Cela ancre encore plus le lecteur dans l’illusion produite par les lettres

- Annah Arendt même si son œuvre philosophique ne fait pas usage de la fiction a recours
aux ½ vérités pour encourager le lecteur à réfléchir sur son propos : « Quand je disais que
la vérité de fait, à la différence de la vérité rationnelle, ne s’oppose pas à l’opinion,
j’énonçais une ½ vérité

- Musset arrange les vérités historiques à sa manière : il fait du républicain Philippe Strozzi
un père noble alors que le personnage historique était un libertin arriviste

B) La fiction utilise le « mensonge » pour prodiguer un enseignement à propos de la « justice »

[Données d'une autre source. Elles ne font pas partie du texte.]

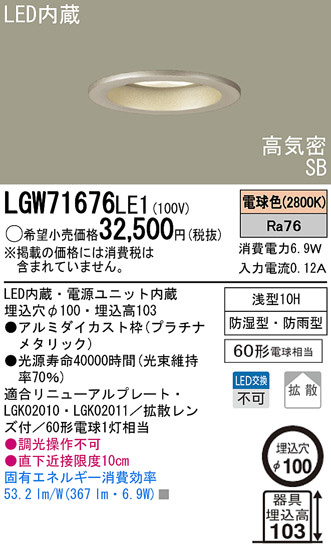 Panasonic LED ¥Ð¥¹¥é¥¤¥È ¥À¥¦¥ó¥é¥¤¥È LGW71676LE1
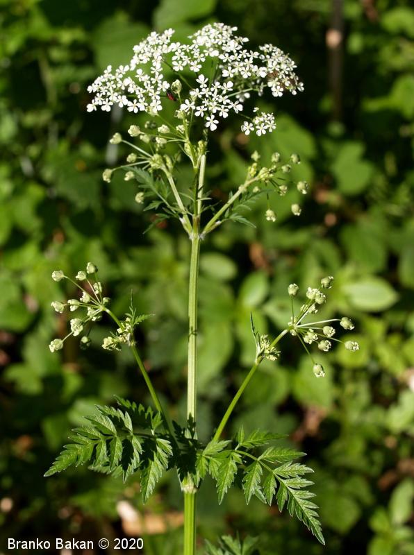 Opis: pokončna trajnica s krepko, navpično korenino. Steblo izbrazdano, gladko, golo. Listi so dolgopecljati (dno peclja je povečano v nožnico), pernato sestavljeni iz večjih segmentov (spodnja segmenta sta mnogo manjša kot preostali del lista), ki so prav tako deljeni. Segmenti zadnjega reda so ozkojajčasti, priostreni, krpati ali celi, po robu ostro nazobčani, goli, bleščeči. Cvetovi so združeni v ovršne kobule, beli, zunanji cvetovi so pogosto somerni, njihovi venčni listi so plitvo izrobljeni. Ogrinjalo (podporni listi kobula) ni razvito, ogrinjalce (podporni listi kobulčkov) je večlistno, lističi so jajčasti, po robu dlakavi, štrleči ali navzdol usmerjeni. Plod (karpofor) razpade na dva ozka plodiča, ki sta gladka, proti vrhu rahlo zožena, pri dnu z vencem zelo drobnih dlačic, 7-10 mm velika.
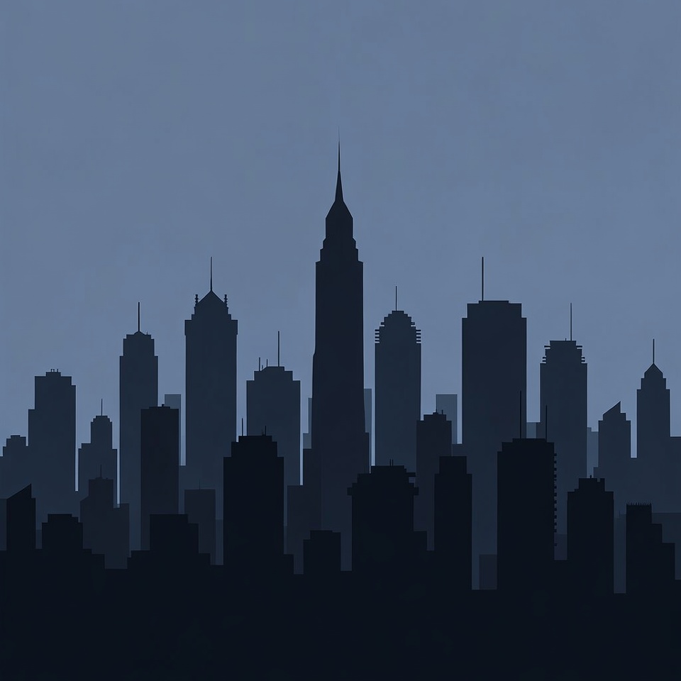 A dark silhouette of the New York City skyline against a gradient blue background. Prominent tall buildings including the Empire State Building are depicted in black outline. The illustration features various skyscrapers with spires and domes.
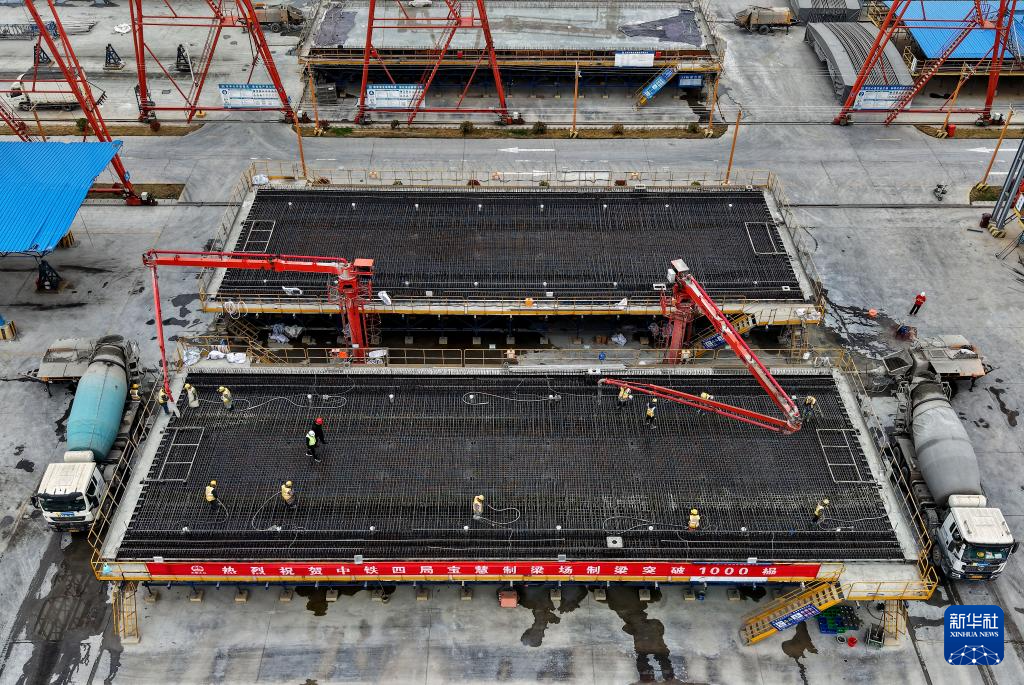 3月26日,工人在中铁四局宝慧制梁场1000榀箱梁浇筑施工现场进行混凝土浇筑作业。

- Avec les personnages libertins de Merteuil et Valmont, les lettres inventées pat Laclos
mettent le lecteur en garde contre la dépravation morale à la fois du menteur et de le
victime, produite par une conduite libertine.
L’échec final des deux protagonistes montre au lecteur que la justice triomphe toujours

- Dans Du Mensonge a la Violence, Arendt utilise l’échec des Etats Unis dans la guerre du
Vietnam, exemple réel mais illustratif du fait que le mensonge est impuissant face à la
justice incarnée dans ce cas par la vérité de fait, puisque « les faits sont au-delà de
l’accord et du consentement »

- Musset établit sa fiction autour du personnage de Lorenzo qui fait triompher la justice
par le meurtre de son cousin Alexandre de Médicis. Il situe son drame a l’étranger pour
mieux pouvoir critique l’absence de justice qui règne dans le système politique
monarchique en France

C) Tout ce qui, « contraire à la vérité, n’intéresse la justice en aucune sorte » n’est pas
UNIQUEMENT fiction

- La propagande à destination des ménages crée par le gouvernement Américain lors de la


guerre du Vietnam pour « l’emporter dans l’esprit des gens » ne portait pas atteinte à la
justice puisque ces « images fabriquées pour la consommation domestique étaient un
usage du « soft power » Américain

- Dans La crise de la Culture, Annah Arendt parle de l’opinion. Celle-ci est contraire à la
vérité puisque polarisée par l’avis personnel, ne porte pas atteinte à la justice mais n’est
pas pour autant du registre de la fiction. Arendt Remarque la frêle différence entre
« mensonge » et opinion : « Lorsqu’un menteur, ne disposant pas du pouvoir nécessaire
pour imposer ses mensonges, ne s’appesantit pas sur le caractère évangélique de son
affirmation mais prétend qu’il s’agit de son « opinion » pour laquelle il invoque son droit
constitutionnel »

- Dans Les Liaisons Dangereuses, lorsque Valmont et Merteuil jouent les entremetteurs
entre Sophie Volanges et Danceny, aucune atteinte n’est portée à la justice puisque les
deux jeunes gens sont naturellement attirés l’un par l’autre. Ce jeu d’influences
« contraire à la vérité », n’est pas pour autant fiction puisqu’il traduit un défi à relever
pour Merteuil : « il serait honteux que nous ne fissions pas ce que nous voulons de deux
enfants. »

Ainsi « tout ce qui [est] contraire à la vérité et blesse la justice en quelque façon que ce soit, est
mensonge » puisqu’il s’agit pour le menteur, de tronquer la vérité de faits par l’usage de la mise en
scène ou du discours, dans le but de nuire à sa victime. Dès lors un rapport de supériorité s’établit
entre les deux, et il semble qu’alors ce soit la nature du « mensonge » est d’être injuste

Cependant cette limite est loin d’être « exacte », puisque certains mensonges ont pour vocation de
faire le bien, ou encore de préserver la sauvegarde de la « justice », et la définition du mensonge
comme étant « contraire à la vérité » est limitée puisqu’elle ne considère pas certains cas ou le
menteur utilise des demi-vérités.

Enfin, même s’il est vrai que la fiction est « contraire à la vérité », elle peut avoir pour enjeu la justice,
de par l’enseignement moral qu’elle prodigue. De ce fait, la « limite exact » entre mensonge et fiction
peut être remise en cause, notamment avec le concept d’opinion qui, sans être fiction, possède des
caractéristiques propres au mensonge sans pour autant s’opposer à la justice.